Your task is to reproduce the listing exactly, without its images.

===== Data segment =====

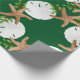 Quality Christmas wrapping paper on a roll with starfish and sand dollars "beach wreath" design. This large image is printed over a dark green background colour, with seashells and holly in brown, white and green making a circular wreath pattern. If you don't see a background colour you like, you may choose your own in the "customise further" area.
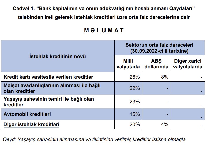 Marja.az xəbər verir ki, 30.09.2022-ci il tarixinə, milli valyutada, orta faiz dərəcəsi "Kredit kartı vasitəsilə verilən kreditlər" üzrə 26%, "Məişət avadanlıqlarının alınması ilə bağlı olan kreditlər" üzrə 22%, "Yaşayış sahəsinin təmiri ilə bağlı olan kreditlər" üzrə 23%, "Avtomobil kreditləri" üzrə 15%, "Digər istehlak kreditləri" üzrə 20% təşkil edib.
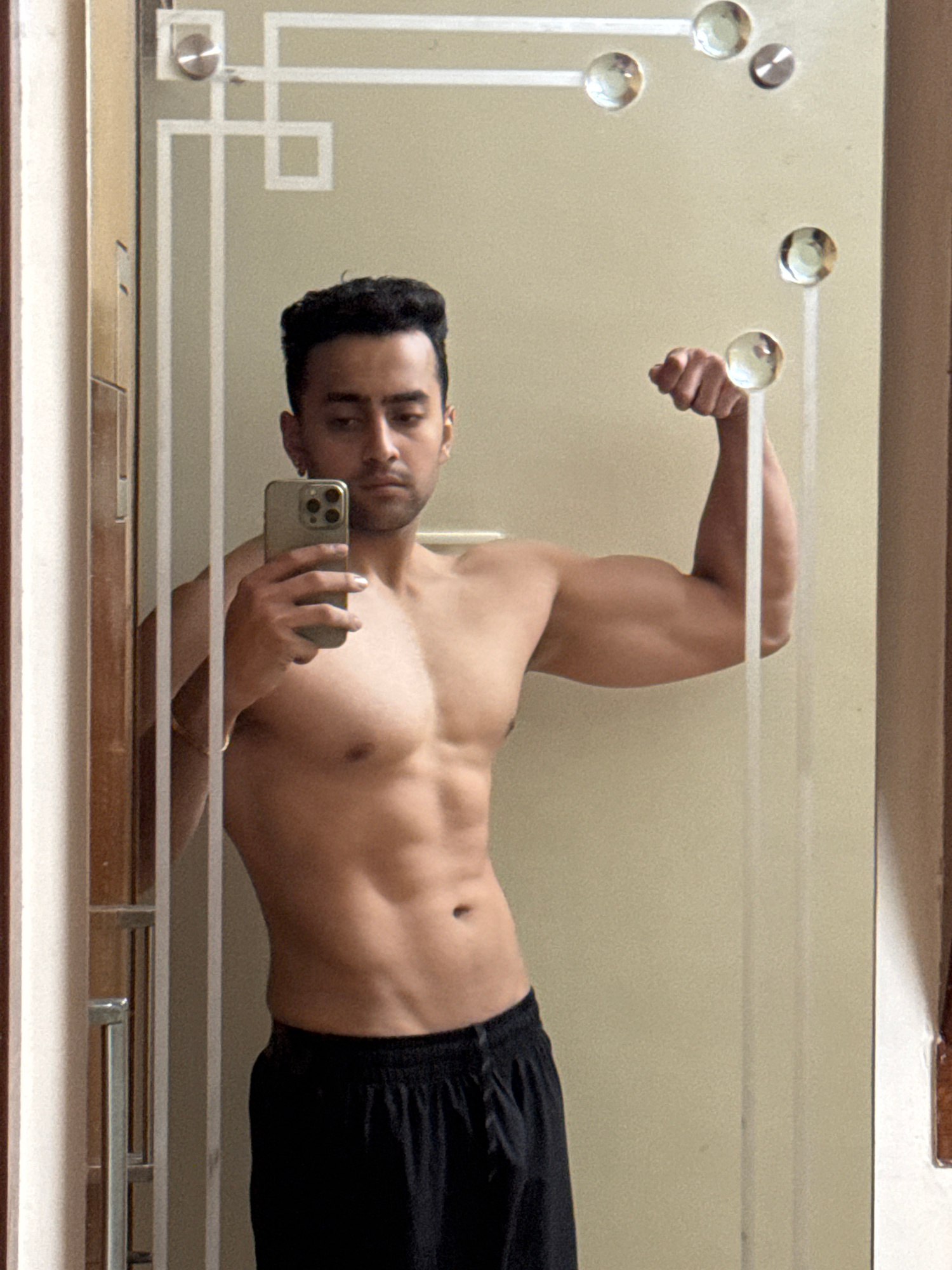 The image displays a shirtless man taking a mirror selfie, presented horizontally such that he appears to be lying on his side. The man, likely in his 20s or 30s, has short dark hair, a light beard, a…read more

=====

Solution:
 Quality Christmas wrapping paper on a roll with starfish and sand dollars "beach wreath" design. This large image is printed over a dark green background colour, with seashells and holly in brown, white and green making a circular wreath pattern. If you don't see a background colour you like, you may choose your own in the "customise further" area.
 Marja.az xəbər verir ki, 30.09.2022-ci il tarixinə, milli valyutada, orta faiz dərəcəsi "Kredit kartı vasitəsilə verilən kreditlər" üzrə 26%, "Məişət avadanlıqlarının alınması ilə bağlı olan kreditlər" üzrə 22%, "Yaşayış sahəsinin təmiri ilə bağlı olan kreditlər" üzrə 23%, "Avtomobil kreditləri" üzrə 15%, "Digər istehlak kreditləri" üzrə 20% təşkil edib.
 The image displays a shirtless man taking a mirror selfie, presented horizontally such that he appears to be lying on his side. The man, likely in his 20s or 30s, has short dark hair, a light beard, a…read more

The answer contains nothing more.